Anything for Line Goes Up, sometimes just a bit. Even if it makes you do some crazy things.

I remarked once about a certain political activist organization that it was a “winning machine” – and that wasn’t a compliment. Said organization later got itself entangled almost suicidally in various legal troubles and scandals. I wasn’t sure that they didn’t get the mission, but that they got it too well.

Their goal was Line Goes Up, vote-wise, and they’d do anything.

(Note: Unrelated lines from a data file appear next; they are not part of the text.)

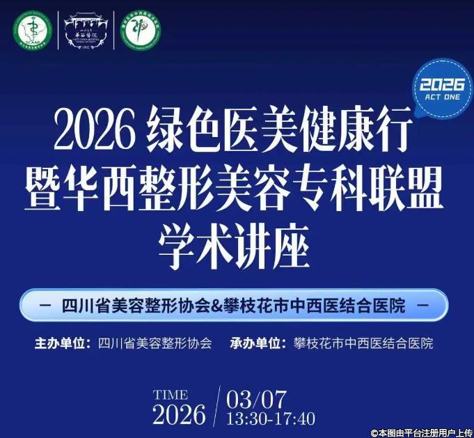 2026年3月7日将要举办2026绿色医美健康行暨华西整形美容专科联盟学术讲座,主办单位:四川省美容整形协会;承办单位:攀枝花市中西医结合医院
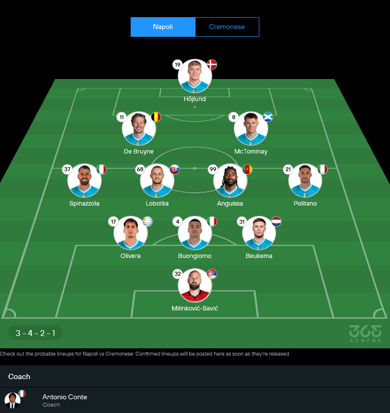 นาโปลีของ อันโตนิโอ คอนเต้ ยังมีปัญหาตัวเจ็บและตัวไม่สมบูรณ์อยู่หลายราย ไม่ว่าจะเป็น โรเมลู ลูกากู, ดาวิด เนเรส, โจวานนี ดิ ลอเรนโซ่ และ อันโตนิโอ แวร์การา ทำให้การเข้าทำอาจไม่หลากหลายเต็มที่ แต่ตัวแกนหลักอย่าง เดอ บรอยน์, แม็คโทมิเนย์, อองกิสซ่า และโลบ็อตก้า ยังพร้อมประคองเกม
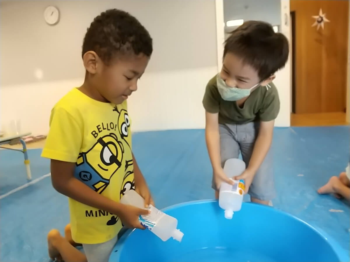 まずはみんなでスライム作りに挑戦します。普段は、コップ一杯くらいの量で作るスライムを、今回は大きなタライを使って、10倍以上の量で作りました。
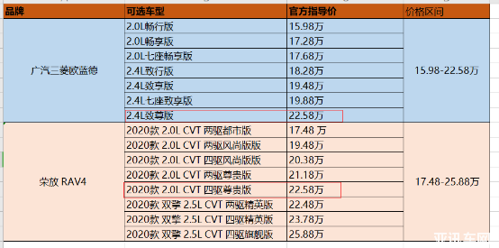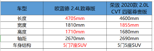 上面提到,家用SUV的配置不在乎有多么豐富熱鬧,關(guān)鍵要實(shí)用,能夠讓駕乘體驗(yàn)變得更加舒適、便捷。下面我們就從價(jià)格相當(dāng)?shù)膹V汽三菱歐藍(lán)德2.4L致尊版和榮放2020款 2.0L CVT 四驅(qū)尊貴版,看看同等價(jià)位下各自的配置實(shí)用性究竟如何。
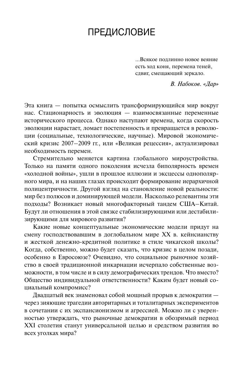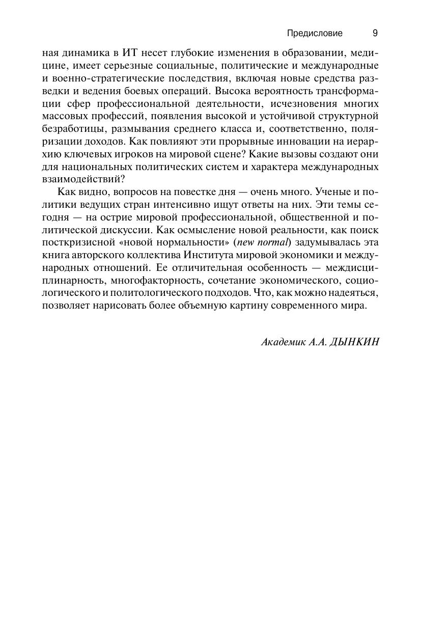 Что такое посткризисная «новая нормальность» (new normal)? Авторский коллектив Института мировой экономики и международных отношений (ИМЭМО РАН) попытался ответить на этот вопрос, осмыслив новую реальность в разных плоскостях: в экономической, социальной и политической. Авторы проанализировали поиски новой модели роста экономики и новые подходы в регулировании финансовых рынков, особенности инновационной политики и развитие нефтегазового сектора, новую корпоративную карту миру, где особое место отвоевывают государственные компании. В тесной взаимосвязи с экономикой меняется социальная сфера: государственная политика находится в поиске ответов на новые вызовы социальных дисбалансов и миграционной политики; государственная политика перестраивается под давлением требований, предъявляемых человеком XXI века к демократии. Эти проблемы свойственны всем странам, однако особое значение они имеют для «новой периферии» – посткоммунистических стран. Существенные изменения наблюдаются также в политической сфере: новые реалии формируются в системе международных отношений, которые проявляются в развитии трансатлантических отношений и отношений США и КНР. В посткризисный период меняется парадигма международной безопасности. Эту тенденцию авторы иллюстрируют на примерах урегулирования конфликтов в зоне АфПак и на Ближнем Востоке. Также кризис повлиял на развитие интеграции в ЕС. Монография предназначена не только для специалистов в области экономики, социологии или международных отношений, но и для широкого круга небезразличных читателей, интересующихся современными тенденциями мирового развития.

But also let’s say that you’ve made certain decisions to get votes that, perhaps like this organization, aren’t legal or ethical. Then you want to win no matter what to cover your backside or to soothe your conscience or whatever. Line goes up becomes an imperative, and you’ll deal with the bad things later or maybe you just ignore them or hand-wave them away.

Or maybe your opponent(s) are bad people – or you’re told they are. You want to win to protect yourself! Also anyway telling people those folks are threats makes the voting Line Go Up. Keep telling, keep talking, keep escalating, what’ll go wrong.

Kinda seems like politics, if you’re not careful, doesn’t become about helpful results. It takes a lot of effort to make it meaningful not “what three things can I say to get 0.5% more votes?” It’s so much easier to find what buttons to push – and hey, you’re a good person, right? What could go wrong.

Lots of things. Like many of my columns I want to mention the Latest Thing, but each week is a new Latest Thing. All in the name of Line Go Up.

So as we look at the 2024 election where my prediction is that I don’t know what the hell is going on anymore (look at France and the UK in 2024), I wonder if we’re in the political equivalent of a financial meltdown like 2008. My own (obviously correct) political views aside, it seems like Line Go Up is so important, any and all fallout is ignored, and the most batshit things are tried – and sometimes work.

But the batshittery, the triangulation, all of that might be hitting a breaking point. I’m certainly seeing that as I write this in July 2024.

As for a solution, well we’d have to step back from Line Go Up and ask what we want as society, as people. We’d have to make the Line a tool, one of many. But in this current state, I’m not holding my breath.

Well managed to do that without leaning into my own beliefs. Perhaps those will come later, maybe in the rebuilding.